AASL selects 2006 NSLMPY Award winners

Kathy Agarwal

AASL Communications Specialist

For Immediate Release
April 25, 2006

AASL selects 2006 NSLMPY Award winners

CHICAGO - Hilliard (Ohio) City School District, Biblioteca Las Americas in Mercedes, Texas, and Kapolei (Hawaii) High School will receive this year's prestigious National School Library Media Program of the Year Award (NSLMPY) from the American Association of School Librarians (AASL), a division of the American Library Association (ALA).
The honor will be presented at the AASL Awards Luncheon at the ALA Annual Conference in New Orleans.

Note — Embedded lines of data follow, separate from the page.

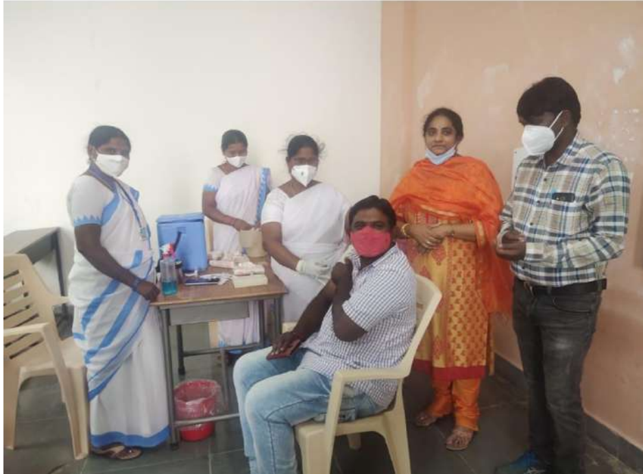
Vaccination camp by DMH on 8 th Nov., 2021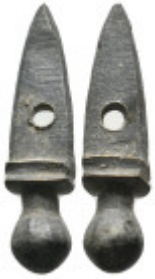
2170 ANCIENT ROMAN BRONZE GLADIUS SWORD PENDANT (1ST- 3RD CENTURY AD). 5.15 Gr. 35.1 mm. 5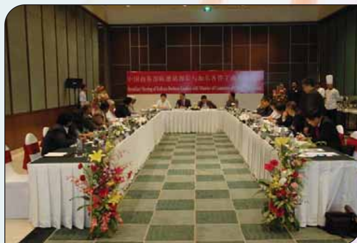
▲ Meeting in progress.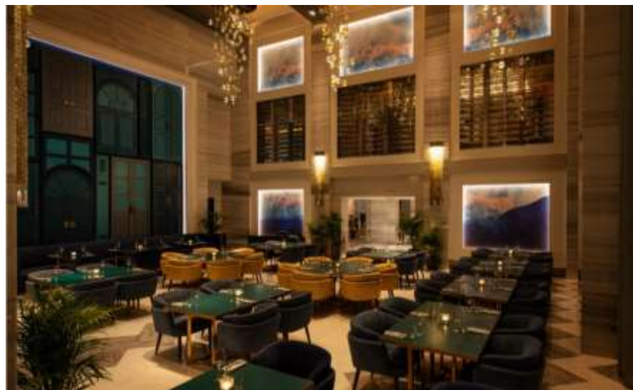
Mazi - Greek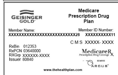
Sample ID cards subject to change pending CMS approval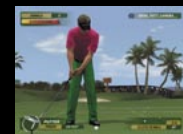
All-new dual analog putting.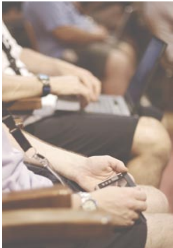
PHOTO GUADEC—The GNOME Conference—was held in the scenic seaside town of Villanova i la Geltru, near Barcelona. A row of conference participants working digitally.

The GNOME Foundation would like to congratulate all the distributions for their hard work during this year, and would like to thank everyone for their continued support of the project.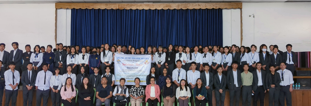
Seminar on Substance Abuse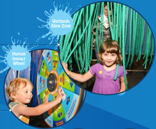
Human Impact Wheel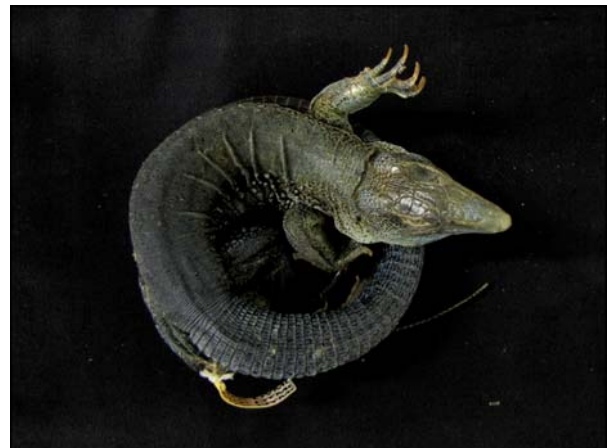
Figure 13. Ameiva ameiva (MZUFV 070; preserved specimen).

1. Ameiva ameiva (Linnaeus, 1758) (Figure 13). N = 1. It is an open area inhabitant (including clearings inside forests), well adapted to perianthropoc environments, occurring from Caribbean islands and Panama to southern Brazil (Ávila Pires 1995). Ameiva ameiva is the only species for which there is no information about the type of habitat it occupies in Viçosa. The presence of only one specimen housed in MZUFV (collected in 1973), and the fact that neither the authors nor other local researchers never saw an individual of this species in Viçosa can suggest that it has a marginal distribution in the study site, low density, or both. We also do not discard the hypothesis of a label error and that MZUFV 070 may not be from Viçosa.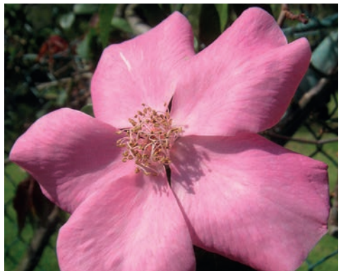
'Jessie Clark' 1915 Hybrid Gigantea Flowers spring only 6 x 4m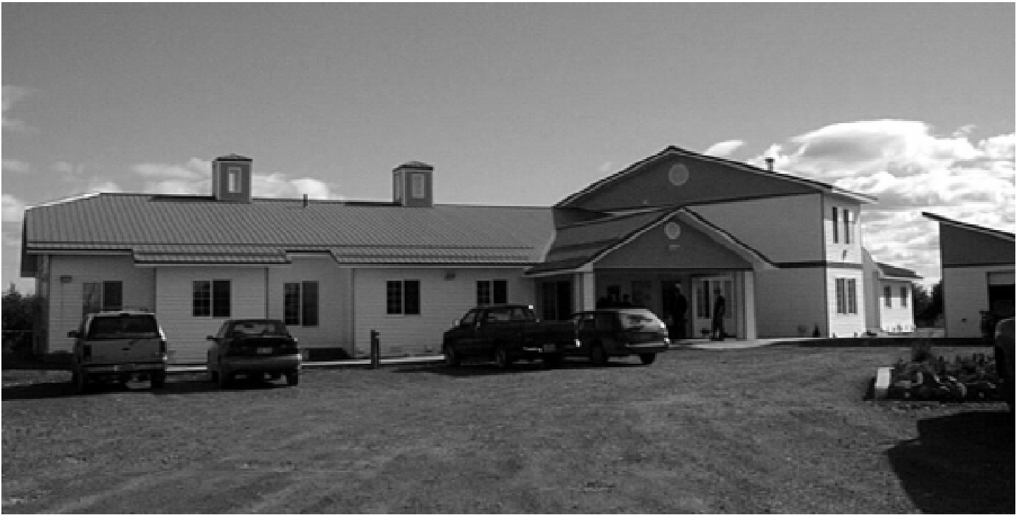
Dillingham's Marrulut Eniit Assisted Living Facility.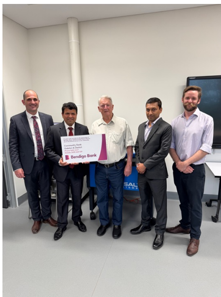
Bendigo Bank Board members providing support for M Block STEM equipment

Figures presented in this report may be subject to rounding so may not reconcile exactly with the bottom line totals, which are calculated without any rounding.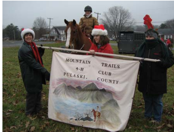
Mountain Trails 4-H Horse Club Members and Adults getting ready for the Dublin Christmas Parade.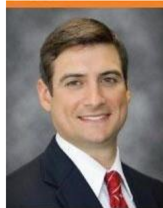
Miller-Valentine Group Realty Services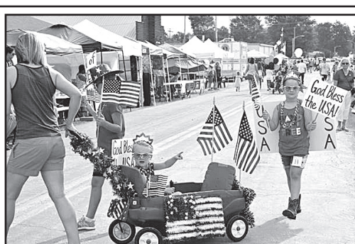
The Boy Scouts led the Sesquicentennial Kiddie Parade that was held during the annual Soybean Festival. Norborne Post and Unit 551 sponsored the parade.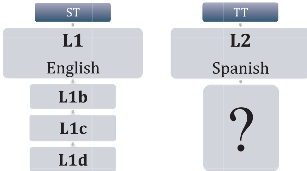
Figure 1. Representation of the third language in the ST

These two examples have been taken from the guidebook of Morocco. The first one's third language is Moroccan ("haram"), which has been included in the ST with an equivalent of the word in English (L1). Moroccan is, therefore, the third language (L1b). The second example, on the other hand, includes two different third languages: Spanish (L1c) and French (L1d), for which an equivalent in the L1 has not been included.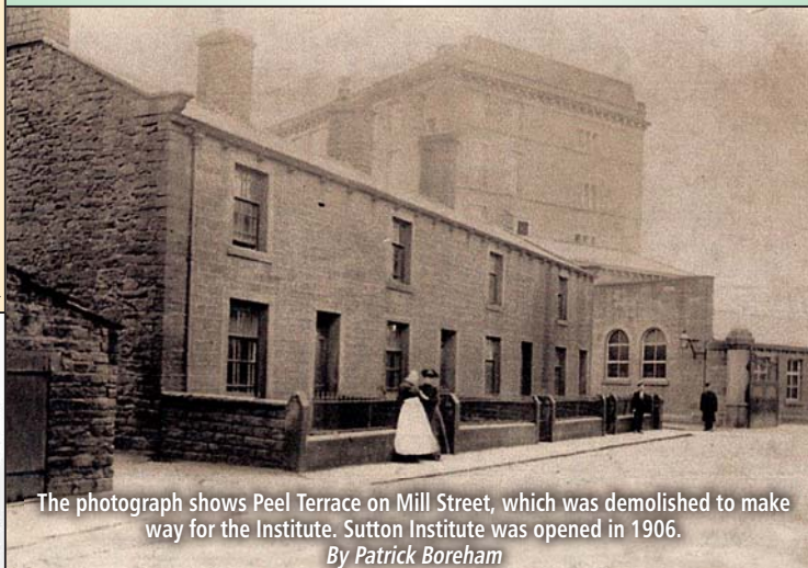
The photograph shows Peel Terrace on Mill Street, which was demolished to make way for the Institute. Sutton Institute was opened in 1906.

The 2006 School District award goes to
Hilliard City School District in Hilliard, Ohio, with 20 schools serving over 14,000 students.
School library media centers district-wide provide flexible access to resources and are open to all students throughout the school day.
The Hilliard School District school library media programs are central to teaching and learning as evidenced by a strong budget and support from district administrators.
The long-range plan for the library media program, aptly named "Powerful Partnerships," is a guiding focus for the district.

Biblioteca Las Americas in Mercedes, Texas, has been named one of two Single School Category winners for 2006.
Biblioteca Las Americas (BLA) is a 33,000 square foot facility serving over 1,300 students from two magnet schools in the South Texas Independent School District.
Although a freestanding facility, the library media program at BLA is a model of curriculum integration.
The program is also a model for student inquiry, with over 40 opportunities for research, inquiry, and presentations for grades 9-12.
Extended hours provide additional time for student research.

Kapolei High School in Kapolei, Hawaii, also has been named a winner in the Single School Category.
Kapolei High School, serving 2,333 students, was designed with learning academies, teaming, and problem-based learning (PBL) as the focus for 9-12 grade education.
The library media program implements problem-based learning school-wide through a "Curriculum Construction Cookbook."
Lessons center around essential questions grounded in a standards based curriculum.

"In each of the schools and districts, the school library media specialists are acknowledged as curriculum leaders," said Gail Dickinson, chair of the NSLMPY Award Subcommittee.
"Administration, fellow teachers, and students acknowledge that role, and provided examples of ways in which they depend on the school library media program as the central focus of teaching and learning in the school."

The committee also includes Betsy Davis, Granby High School, Norfolk, Va., Donna Helvering, Millard Public Schools, Omaha, Neb., and Sara Kelly Johns, Lake Placid (N.Y.) Middle/High School.

Established in 1963, the NSLMPY Award honors school library media programs whose mission is to ensure that students and staff are effective users of ideas and information, as well as exemplify implementation of
Information Power: Building Partnerships for Learning, the publication of AASL's standards and guidelines for dynamic, student-centered school library media programs.
Sponsored by Follett Library Resources, the award, comprised of two categories: school district and single school, recognizes exemplary school library media programs that are fully integrated into the school's curriculum.
Each winning program, one in the district category and two in the single school category, receives a $10,000 prize ($30,000 total).

The AASL National School Library Media Program of the Year Awards will be presented at a ceremony and luncheon held on Monday, June 26, during the 2006 ALA Annual Conference in New Orleans.
Special guest speakers for the event are young adult non-fiction authors Ann Bausum and Sue Macy.
For more information about the event, please visit the AASL web site

The American Association of School Librarians, www.ala.org/aasl, a division of the American Library Association (ALA), promotes the improvement and extension of library media services in elementary and secondary schools as a means of strengthening the total education program.
Its mission is to advocate excellence, facilitate change and develop leaders in the school library media field.